Aethra orbits the Sun at an average distance—its semi-major axis—of 2.61 astronomical units (AU), taking 4.22 years to complete one orbit. Due to its eccentricity of 0.39, its distance from the Sun varies from 1.60 AU at perihelion to 3.62 AU at aphelion, crossing the orbit of Mars. It is the first Mars-crossing asteroid discovered. Its orbital inclination is high, with a value of 24.98° with respect to the ecliptic plane.

Despite crossing Mars's orbit, Aethra appears to be dynamically stable. A 2023 study by Julio Fernández and Michel Helal found that in simulations, its orbit remains stable for 2 billion years (Gyr). Aethra is protected from destabilizing close encounters with Mars by a Kozai resonance. This resonance couples variations in its perihelion distance with the precession of its argument of perihelion such that whenever its perihelion is at a minimum, it is located away from the ecliptic plane, distancing Aethra from Mars. Occasionally, its perihelion is raised enough that its orbit no longer crosses Mars's.

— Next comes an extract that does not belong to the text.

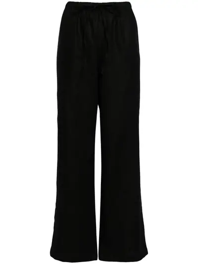 black stretch-design straight leg elasticated drawstring waistband floor-length

== Physical characteristics ==
Aethra has an estimated diameter of 42.87 ± 1.6 km or 44.47 ± 0.74 km. Along with its absolute magnitude of 8.96, it is the largest and brightest Mars-crossing asteroid. Observations of Aethra's lightcurve, or variations in its apparent brightness as it rotates, suggests a rotation period of about 5.17 hours.

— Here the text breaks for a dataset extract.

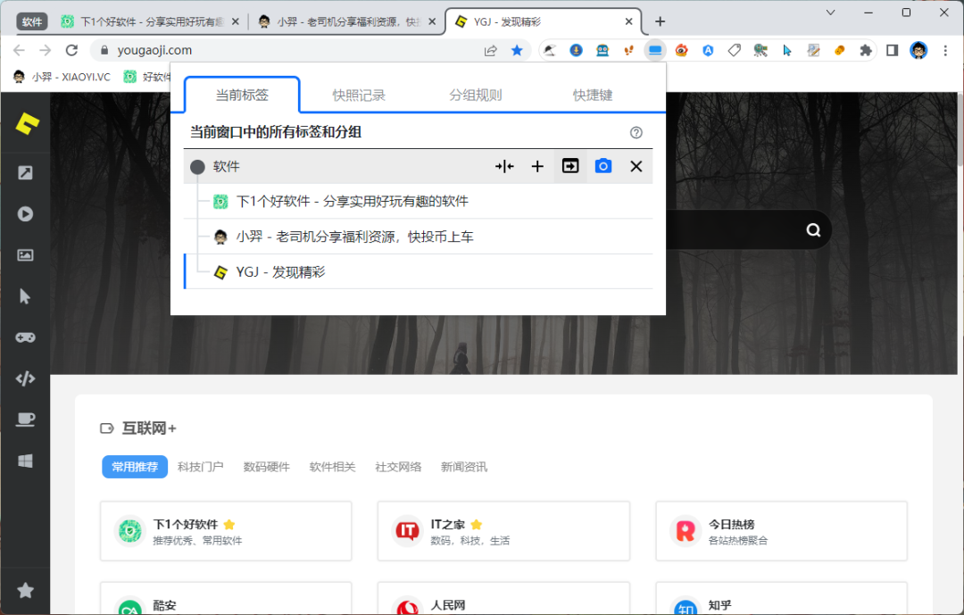 虽然 Edge / Chrome 浏览器自带了标签分组功能,如果你觉得它功能太弱的话,可以用「标签分组」扩展插件,它支持通过自定义匹配规则,为标签页自动创建分组。

Under the Tholen classification scheme, Aethra is classified as an M-type asteroid. The Bus classification scheme meanwhile classifies it as an Xe-type asteroid. Aethra's geometric albedo is about 0.2, and its spectrum is significantly red. Absorption features in its spectrum indicates the presence of phyllosilicate and hydroxide minerals and water ice, and the iron-rich chamosite may be the primary surface mineral on some regions on the asteroid. These features are broadly consistent with the compositions of CI and CM chondrites, but albedo and spectral slope dissimilarities rule out Aethra as a parent body of these meteorites. Variations in Aethra's spectrum seen between May and August 2008 may be caused by variable abundances of phyllosilicates or opaque surface minerals with rotation or an undiscovered moon with a distinct composition.